AIM OF THE TASK
The line with "Иерусалиме героической операцией" and each line following it, up to the final line of the data, should be set down exactly; pictures stay out.

───── SUPPLIED INFORMATION ─────

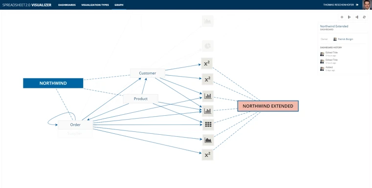 The Spreadsheet 2.0 prototype is built based on the chair's SocioCortex platform, and furthermore consists of two clients, namely the Spreadsheet 2.0 DataTable as part of the SocioCortex Content Manager and the SocioCortex Visualizer. The Spreadsheet 2.0 DataTable component is an end-user-friendly and spreadsheet-like web application for the collaborative management of complex-linked data, while the Visualizer component is a flexible dashboard solution. Through the analysis of data functions and visualizations within the DataTable and Visualizer components respectively, the Spreadsheet 2.0 application can foster the transparency of the information flow from the data's origin to the consuming user.
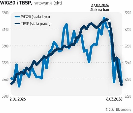 Inwestorzy wycofują się przede wszystkim z najbardziej ryzykownych aktywów, czyli akcji i walut rynków wschodzących, ale też obligacji skarbowych. WIG20 kończył tydzień 5,5 proc. poniżej zamknięcia lutego, aczkolwiek wynik ten wcale nie stawiał go w najgorszym świetle wśród innych giełd europejskich, w tym krajów rozwiniętych. Niemiecki DAX czy francuski CAC 40 wypadają w tym samym okresie jeszcze słabiej. Ale coraz gorsze nastroje obejmują również Stany Zjednoczone, które i tak od początku roku pozostawały w tyle.
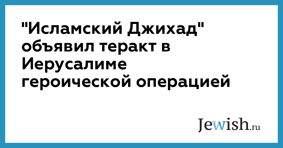 "Исламский Джихад" объявил теракт в Иерусалиме героической операцией
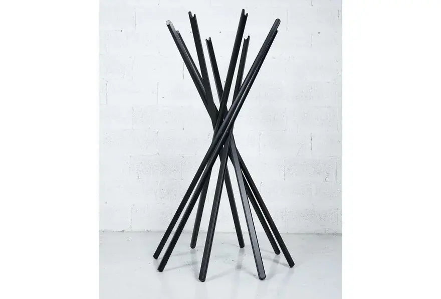 LโAppendiabiti Sciangai Zanotta si distingue per la sua struttura pieghevole e adattabile, composta da elementi che si aprono come i bastoncini del celebre gioco da cui prende ispirazione. Questo sistema permette di creare numerosi punti di appoggio per abiti e accessori, mantenendo allo stesso tempo un design leggero e dinamico.

─────

SOLUTION TO THIS TASK
 "Исламский Джихад" объявил теракт в Иерусалиме героической операцией
 LโAppendiabiti Sciangai Zanotta si distingue per la sua struttura pieghevole e adattabile, composta da elementi che si aprono come i bastoncini del celebre gioco da cui prende ispirazione. Questo sistema permette di creare numerosi punti di appoggio per abiti e accessori, mantenendo allo stesso tempo un design leggero e dinamico.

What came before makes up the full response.